■ GIVEN INFORMATION ■

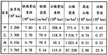 3、单选题  读中、日、韩、俄四个国家交通资料对照表,回答1—2题。
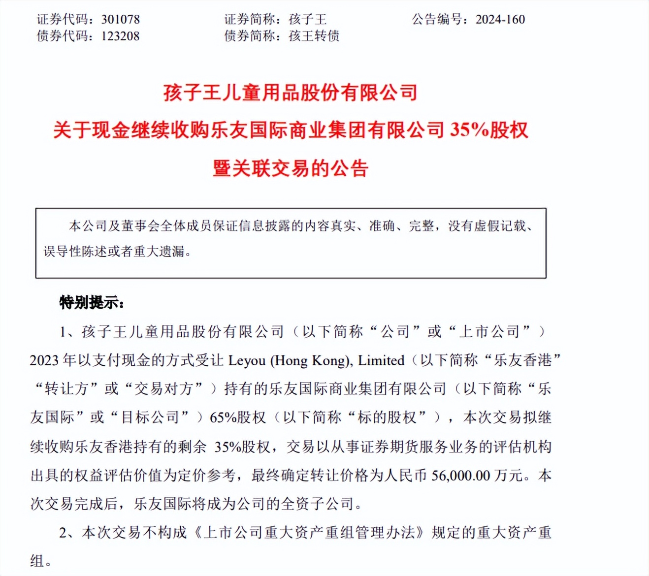 根据孩子王发布的公告,其收购乐友国际已构成关联交易。乐友国际的股东乐友香港是美国华平投资集团和/或关联方控制的主体,而隶属于美国华平投资集团的CoralRoot,正是孩子王的发起人之一;而值得一提的是,CoralRoot从2023年11月就开始减持孩子王股份。
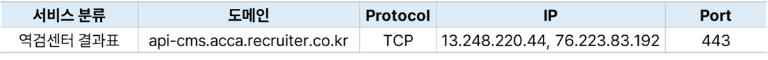 역검센터 결과표가 보이지 않는다면, IP 추가 개방 요청드립니다.

■ TASK ITEM ■
Transcribe the listing above exactly, leaving every picture out.

■ ANSWER TO THE EXERCISE ■
 3、单选题  读中、日、韩、俄四个国家交通资料对照表,回答1—2题。
 根据孩子王发布的公告,其收购乐友国际已构成关联交易。乐友国际的股东乐友香港是美国华平投资集团和/或关联方控制的主体,而隶属于美国华平投资集团的CoralRoot,正是孩子王的发起人之一;而值得一提的是,CoralRoot从2023年11月就开始减持孩子王股份。
 역검센터 결과표가 보이지 않는다면, IP 추가 개방 요청드립니다.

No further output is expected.